Updated 2018 NICE guidance on venous thromboembolism – does evidence from root cause analysis of hospital‐associated thrombosis support the additional investment required?

Nicola McQuaid, Peter Davies, Tamara Everington

The 2018 updated National Institute for Health and Care Excellence (NICE) guidance on venous thromboembolism (VTE) (NICE 2018) includes significant changes and extensions to the 2010 guidance on VTE risk assessment and thromboprophylaxis for hospital patients (NICE 2010). The purpose of this guidance was to support further reduction in the incidence of hospital‐associated thrombosis (HAT), which is estimated to cause 50–60% of VTE. Over the last decade, pioneering work to reduce HAT has been led through the UK VTE Exemplar Network of hospitals (Department of Health 2010; Roberts et al, 2013; Catterick & Hunt, 2014; Rowswell & Nokes, 2017).
One aspect of this work was to encourage hospitals and commissioners of healthcare to enter into contractual arrangements that ensured root cause analysis (RCA) of all hospital‐associated VTE events to support system learning and inform future practice.

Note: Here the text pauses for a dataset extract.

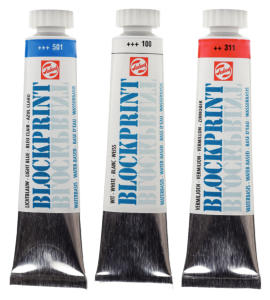 - 3 tubes van 37ml wateroplosbare lino-inkt (rood, geel, blauw)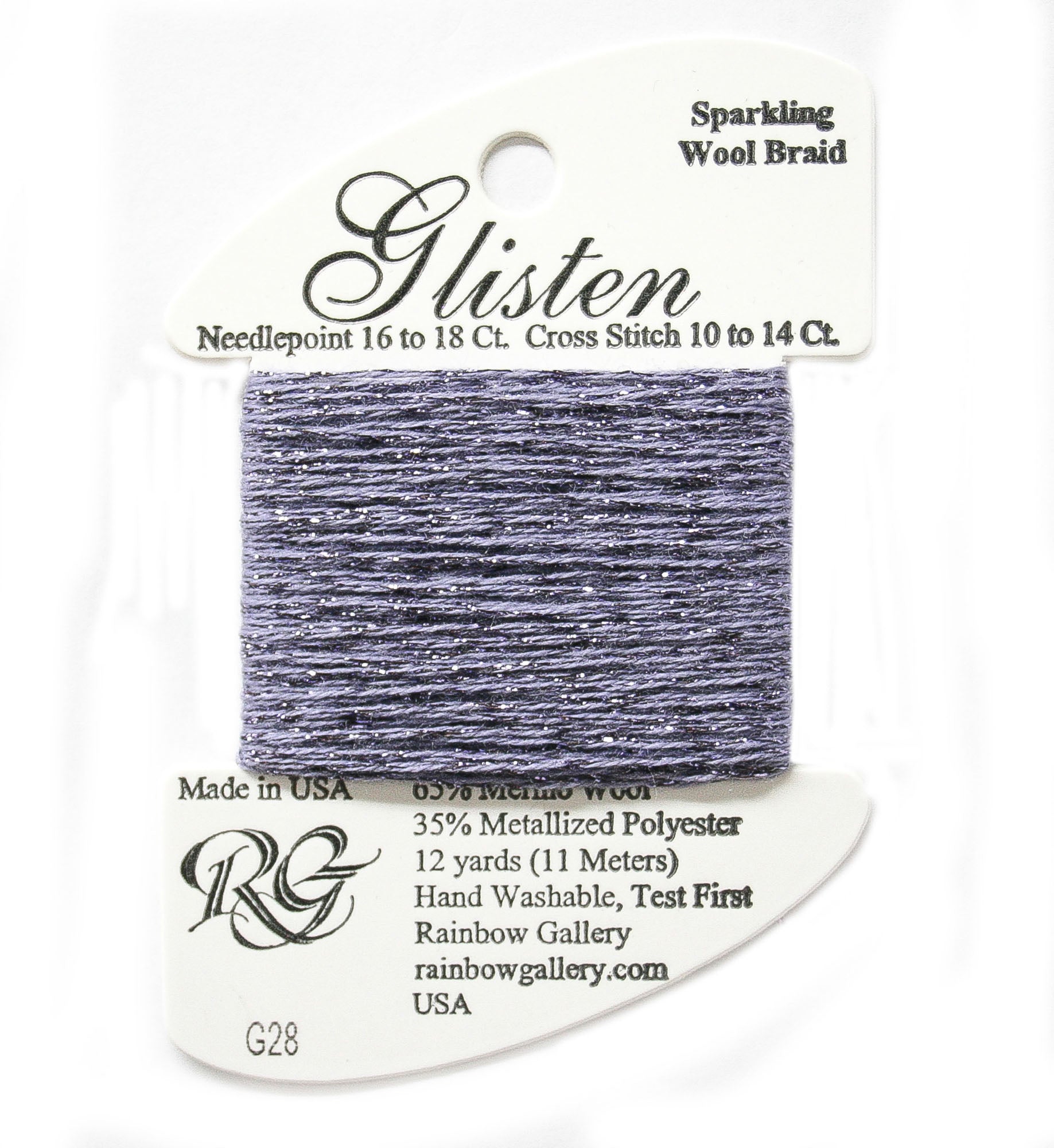 This is Glisten from Rainbow Gallery in color 028 Passion Flower. A sparkly thread with a wool base. Great for adding just a hint of sparkle. Use as-is on 18 mesh.

Salisbury NHS Foundation Trust became a member of the VTE Exemplar Network in 2008 and has been collecting data on incidence of HAT for over 10 years. All new patients diagnosed with deep vein thrombosis (DVT) or pulmonary embolism (PE) in our community are referred through the direct access specialist VTE service and data is also collected on deaths with VTE in hospital. Whole leg scanning is performed for DVT through a specialist vascular service. The coroner and local GPs will generally advise us of deaths from VTE in the community due to a strong engagement culture, but it is possible small numbers of deaths from VTE in the community may be missed.